[[ TASK MATERIAL, beginning ]]

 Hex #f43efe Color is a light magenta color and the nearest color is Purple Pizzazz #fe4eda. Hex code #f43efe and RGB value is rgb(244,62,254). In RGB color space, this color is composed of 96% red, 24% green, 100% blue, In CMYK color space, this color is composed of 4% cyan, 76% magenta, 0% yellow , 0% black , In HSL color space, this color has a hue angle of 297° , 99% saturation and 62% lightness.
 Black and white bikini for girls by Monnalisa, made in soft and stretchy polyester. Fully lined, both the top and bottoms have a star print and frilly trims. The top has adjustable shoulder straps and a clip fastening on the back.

[[ TASK MATERIAL, end ]]
[[ TASK MATERIAL, beginning ]]

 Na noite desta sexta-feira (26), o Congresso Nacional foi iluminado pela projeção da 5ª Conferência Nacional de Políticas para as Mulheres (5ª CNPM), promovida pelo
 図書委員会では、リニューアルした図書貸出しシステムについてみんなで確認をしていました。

[[ TASK MATERIAL, end ]]
[[ TASK MATERIAL, beginning ]]

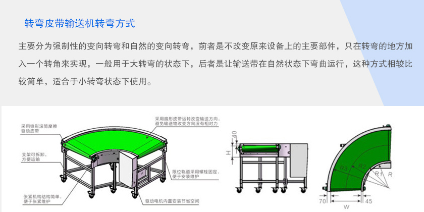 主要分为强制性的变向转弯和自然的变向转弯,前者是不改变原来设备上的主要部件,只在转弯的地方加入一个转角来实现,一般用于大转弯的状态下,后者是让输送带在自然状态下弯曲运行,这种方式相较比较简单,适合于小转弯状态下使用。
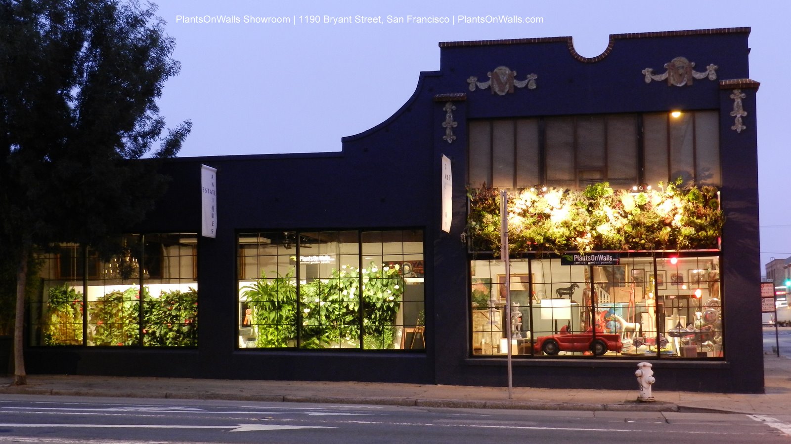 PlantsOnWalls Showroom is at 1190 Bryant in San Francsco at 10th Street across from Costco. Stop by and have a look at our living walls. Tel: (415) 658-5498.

[[ TASK MATERIAL, end ]]

Once you find the line with "Hex #f43efe Color" in the entries above, output it and each line after it up to and including the line with "Black and white", and nothing else.

 Hex #f43efe Color is a light magenta color and the nearest color is Purple Pizzazz #fe4eda. Hex code #f43efe and RGB value is rgb(244,62,254). In RGB color space, this color is composed of 96% red, 24% green, 100% blue, In CMYK color space, this color is composed of 4% cyan, 76% magenta, 0% yellow , 0% black , In HSL color space, this color has a hue angle of 297° , 99% saturation and 62% lightness.
 Black and white bikini for girls by Monnalisa, made in soft and stretchy polyester. Fully lined, both the top and bottoms have a star print and frilly trims. The top has adjustable shoulder straps and a clip fastening on the back.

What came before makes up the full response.